1.2. Distance, power, and imposition

The linguist Peter Grundy emphasizes the determination of politeness by its external context. “Among the aspects of assumed external context that are particularly derterminate of language choice in the domain of politeness are the power-distance relationship of the interactants and the extent to which a speaker imposes on or requires something of his/her addressee” (Grundy 2000:127). “In being ‘polite’, a speaker is attempting to create an implicated context. The speaker stands in a certain relation to the addressee in respect of the required act and (Grundy 2000:128) politeness is the system used by the speaker in order to keep up to the addressee’s expectations” (Grundy 2000:135).

The determiners of the external context are :

  • distance (D), i.e the social distance betweeen speaker and hearer
  • power (P), i.e. the adressee’s position in society and age, the social status; the relative power of the hearer over the speaker and vice versa.
  • imposition or risk (R), i.e. the weight of the actions that threatens the addressee’s autonomy and freedom of action, like e.g. orders

These three variables determine the weigth (W) of the potential face-threatening act (FTA), and consequently the weight of the politeness which the speaker will use.
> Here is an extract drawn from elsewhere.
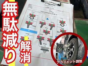 どーもジャイアンです★ タイヤの偏摩耗ってご存じですか? 車の足回りの角度がずれてくると、 タイヤは変な減り方をします!! 実は、どの車でも、ずれるのを想定して作っているので ほとんどの車は調整箇所がついています。 ということは、いずれは調整しなけらばいけないんです!! 「アライメン...

  • Social distance :The higher the status of the speaker (Sp) in relation to the addressee (Ad), the less s/he will need to adopt strategies to minimise any FTA (example: a king talking to a servant)
  • Power : Although the social distance are high among interactants, the current power relationship might be close, becaue there might be a friendship between King and servant, or the interactants might belong to one family.
  • Imposition/Risk of an utterance: this variable is about the risk posed by the message which the speaker has to convey to the addresse. It depends on the content of the utterance.